Search code examples
htmlpython-3.xvalidationpyramid

Pyramid: Removing HTML Tags From Form Input


I have a Pyramid application using a <form> in my template.

I want to remove all HTML tags that a user attempts to submit in <input> tag.

how can I do that? (I want a secure way to do that as JavaScript runs on the client side)

I also request for a simple example if possible.

here is my example:

<form method="GET" action="submit">
    <input type="text" name="username"/>
</form>

and in my pyramid view I have:

@view_config(name='submit', renderer='templates/submit.jinja2')
def submit(request):
    var = request.params['username']
    return {'input': var}

here if the user try to input <a href="google.com"> John Doe </a> the var is also going to be <a href="google.com"> John Doe </a>, however, I only need John Doe


Solution

  • My default answer to this is that you probably shouldn't actually be removing those tags, but encoding them properly when they are written to the client. If someone wants their username to be Lyndsy <b>Simon</b>, that should be fine. Escaping it on output means that you don't have to worry about doing so on each input, and don't have a potential code injection vector if you don't properly escape an input somewhere or an attacker is able to bypass it.
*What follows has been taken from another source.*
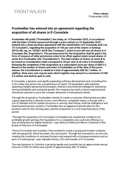 Frontwalker AB (publ) ("Frontwalker") has today, on 15 December 2025, in accordance with the letter of intent announced through a press release on 22 September 2025, entered into a share purchase agreement with the shareholders of E-Consulate (pvt) Ltd. ("E-Consulate"), regarding the acquisition of 100 per cent of the shares in Goldcup 38726 AB, reg. no. 559561-6078 (the "Company"), which in turn will own all shares in E-Consulate (the "Acquisition"). The purchase price for the Acquisition shall be paid in the form of issuance of seller promissory notes to be offset against newly issued shares of series B in Frontwalker (the "Consideration"). The total number of shares of series B to be issued as Consideration shall correspond to 49 per cent of all votes in Frontwalker following the completion of the Acquisition at a subscription price per share of SEK 0.5. Based on the number of shares and votes in Frontwalker as of the date of this press release, the Consideration is valued at a total of approximately SEK 96.7 million. In addition, three earn-outs may be paid, which together may amount to a maximum of USD 3.0 million and shall be paid in cash.

    That said, if removing the HTML tags on input is definitely the path you want to take, I have used bleach in the past and recommend it. My use case has been when I needed to accept some HTML tags (bold, italic, etc.), but strip others. Bleach allows you to set a whitelist of allowable tags to fit this need.

    Note that you can still use bleach to strip the tags on output, instead of input, if that's the way you decide to go.